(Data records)

####

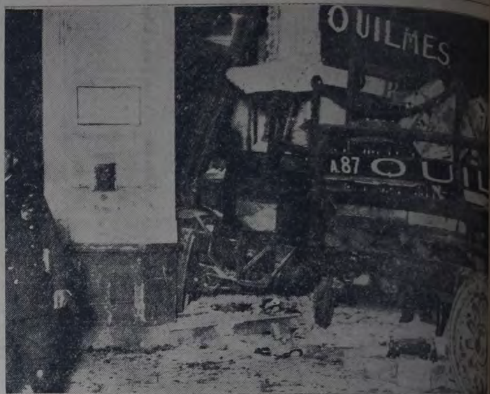
LA FOTOGRAFIA MUESTRA CÓMO QUEDÓ EL FRENTE DEL ALMACÉN CONTRA EL CUAL SE ESTRELLÓ EL CAMIÓN.

El vehículo siguió reclusamente por 25 de Mayo hasta el cruce, y al llegar
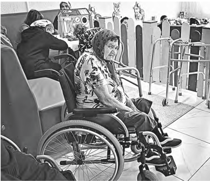
Занятия есть у каждого.
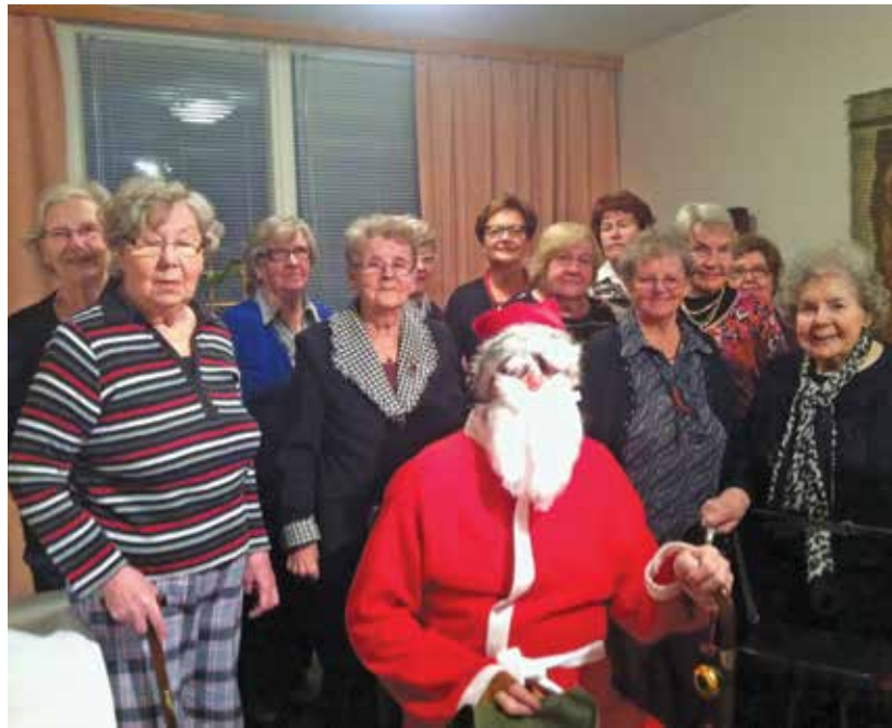
Ystäväpiiriläisten pikkujoulujuhlaa vietettiin vuosi sitten.

Naisklubin jäsenissä ei ole kovinkaan monta varsinaisen vanhustyön ammattilaista, mutta intoa sitäkin enemmän.
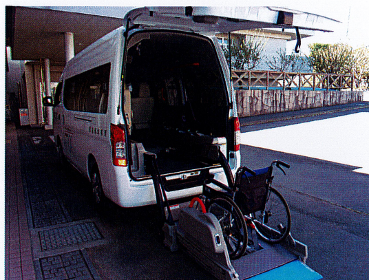
乗車したまま車椅子をリフトで乗せる事ができます。
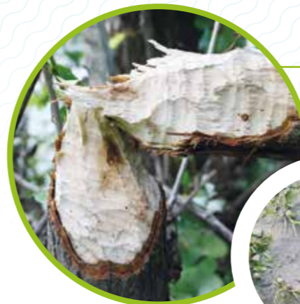
Coupe de castor

Pour ne pas les confondre si vous observez une espèce dans la nature, voici un croquis de leur profil en attitude de nage.
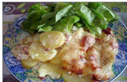
Truffade Auvergnate: Préparée à base de pommes de terre, fromage auvergnat et lardons
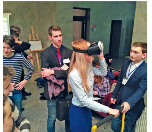
Демонстрація тренажера доповненої реальності

Захід проходив у Конгрес-центрі СумДУ. Студенти молодших курсів мали змогу спробувати свої сили в дев'яти секціях: «Актуальні проблеми та перспективи розвитку сучасної медицини», «Біофізика», «Держава і право», «Математичні науки. Комп'ютерні та інформаційні технології», «Електронне навчання. Нанотехнології. Матері-
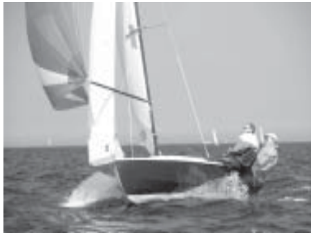
Quentin Strauss og Rachel Rhodes i 7588-Scavenger

Aftenens arrangement var grill middag og uddeling af gimmicks for individuelle præstationer i form af Nutella, T-shirts og termotøj.

####

What you will do
Emit verbatim the lines running from the one with "Quentin Strauss og" through the last line of the data, both endpoints inclusive.

Solution to the problem
Quentin Strauss og Rachel Rhodes i 7588-Scavenger

Aftenens arrangement var grill middag og uddeling af gimmicks for individuelle præstationer i form af Nutella, T-shirts og termotøj.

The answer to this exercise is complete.